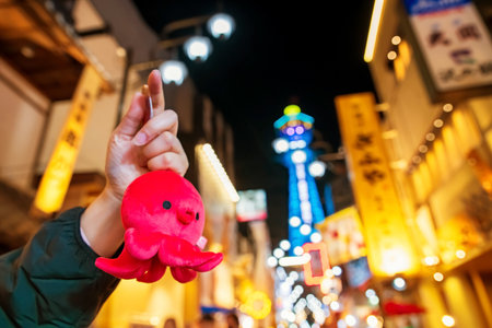 Pink octopus souvenir in hand at night in Shinsekai Osakas New World street by Tsutenkaku tower, Osaka, Japan. famous travel destination with illuminated fancy billboard or signboard
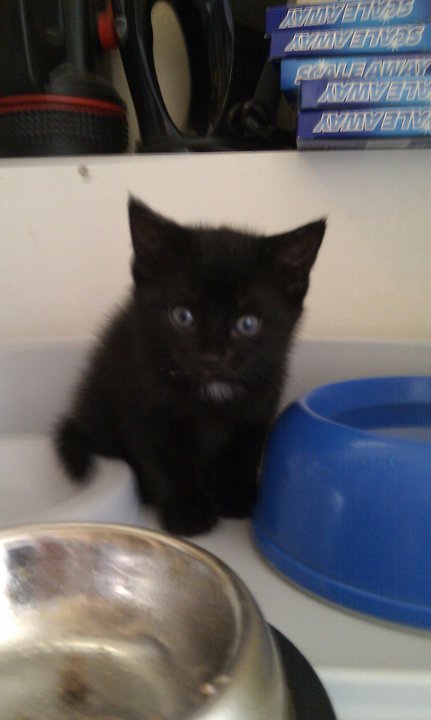 This is Jinx. This was a photo of her when we first brought her home, nearly 10 years ago. She was the runt of the litter and to this day is still pretty small for a cat. But this was her, next to her water bowl and food bowl. And she could easily have curled up in both of them quite happily.
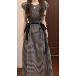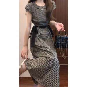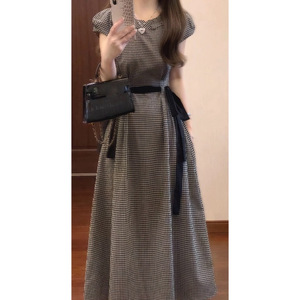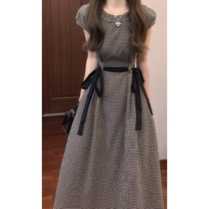 锦倩法式复古经典黑白格子连衣裙泡泡袖抽绳收腰显瘦气质长裙圆领
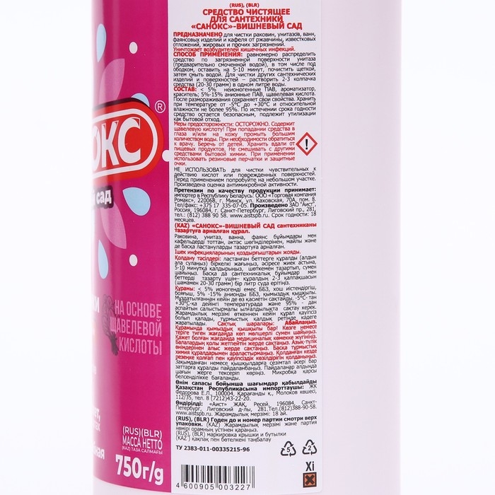 Гель для сантехники "Санокс", вишневый сад, против ржавчины, 750 мл

(YOUR ASSIGNMENT): Print the material above verbatim except the pictures.

(REPLY):
 Pink octopus souvenir in hand at night in Shinsekai Osakas New World street by Tsutenkaku tower, Osaka, Japan. famous travel destination with illuminated fancy billboard or signboard
 This is Jinx. This was a photo of her when we first brought her home, nearly 10 years ago. She was the runt of the litter and to this day is still pretty small for a cat. But this was her, next to her water bowl and food bowl. And she could easily have curled up in both of them quite happily.
 锦倩法式复古经典黑白格子连衣裙泡泡袖抽绳收腰显瘦气质长裙圆领
 Гель для сантехники "Санокс", вишневый сад, против ржавчины, 750 мл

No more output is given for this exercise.